# New member saying hi



## Le Necrophagist (May 27, 2009)

Just sayin' hi from Washington! I'm not very good at intros, but here it goes... I used to breed mice, but have just gotten back into it. I love mice and could watch them go on about their lives for hours every day! I have 9 female Adult mice, and 3 Adult males. Five of the mice are fancy mice. I breed my white lab mice for feed/future feeder breeders, and the fancy mice for pets and future breeders as well. I believe even though some of these mice will end up as food, that they all deserve the same great quality treatment that the fancy mice get. As for other animals, I have a seal point Siamese cat, a Savannah monitor lizard (he's almost 3 feet now!), and I plan on expanding my reptile collection in the future.
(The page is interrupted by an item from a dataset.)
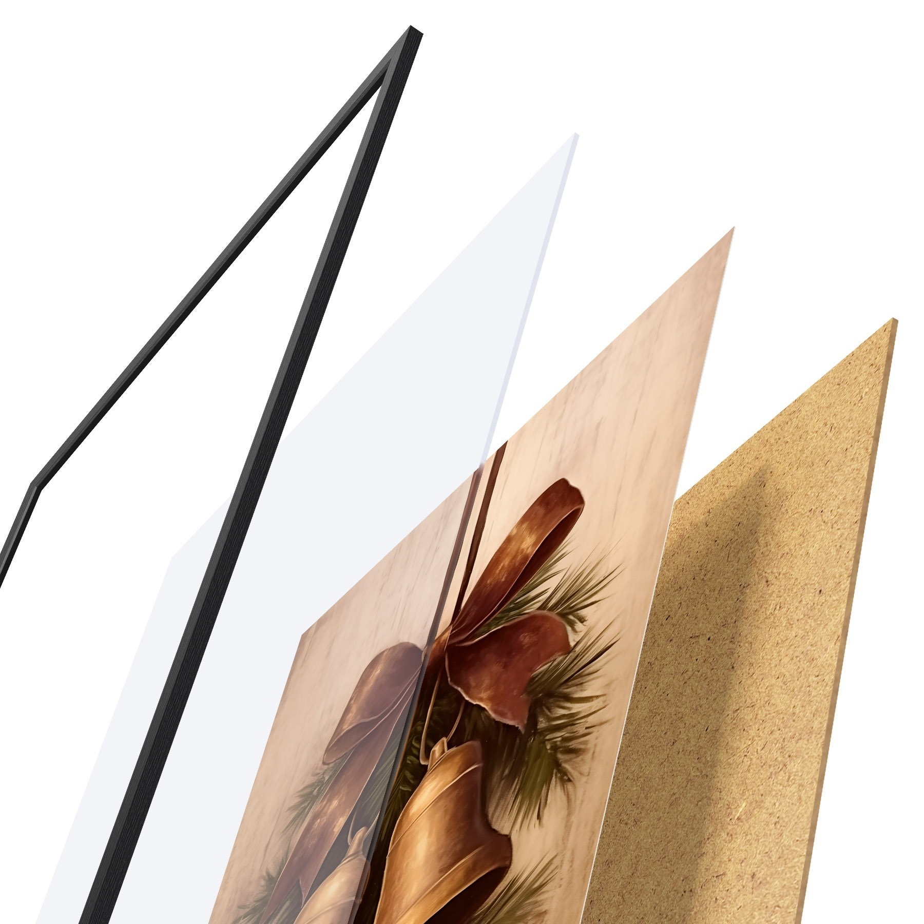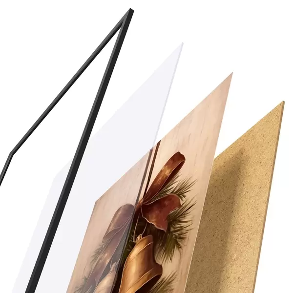 El póster consta de marco, plexiglás, imagen impresa y soporte de aglomerado. El póster puede colgarse inmediatamente en la pared gracias a los soportes de la parte posterior.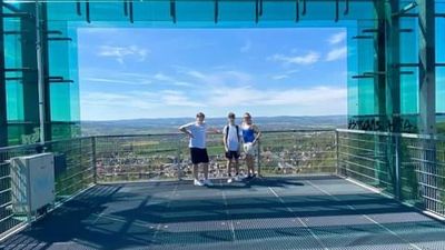 Uma subida estreita de 156 degraus leva à plataforma Jahrtausendblick, oferecendo vistas panorâmicas sobre a região de Weserbergland e o campo circundante. Este ponto de vista distinto era parte do apelo original do parque e continua sendo uma de suas características definidoras.

I came here to learn more about my mice (already have!) so I can have the healthiest, happiest, and best looking mice possible.

Here are some pics of my female fancy mice and one of the litters, the white/brown mouse had. The other two are about to have babies most likely next week


----------



## HemlockStud (Apr 26, 2009)

Welcome to the forum!


----------



## DomLangowski (Oct 2, 2008)

Hi, welcome to our forum


----------



## sommy (Mar 1, 2009)

Hi! and welcome


----------



## Angelmouse (Oct 3, 2008)

welcome


----------



## paulbrv65 (Apr 23, 2009)

Hello and Welcome

Paul


----------



## XxFaexX (Oct 2, 2008)

Welcome


----------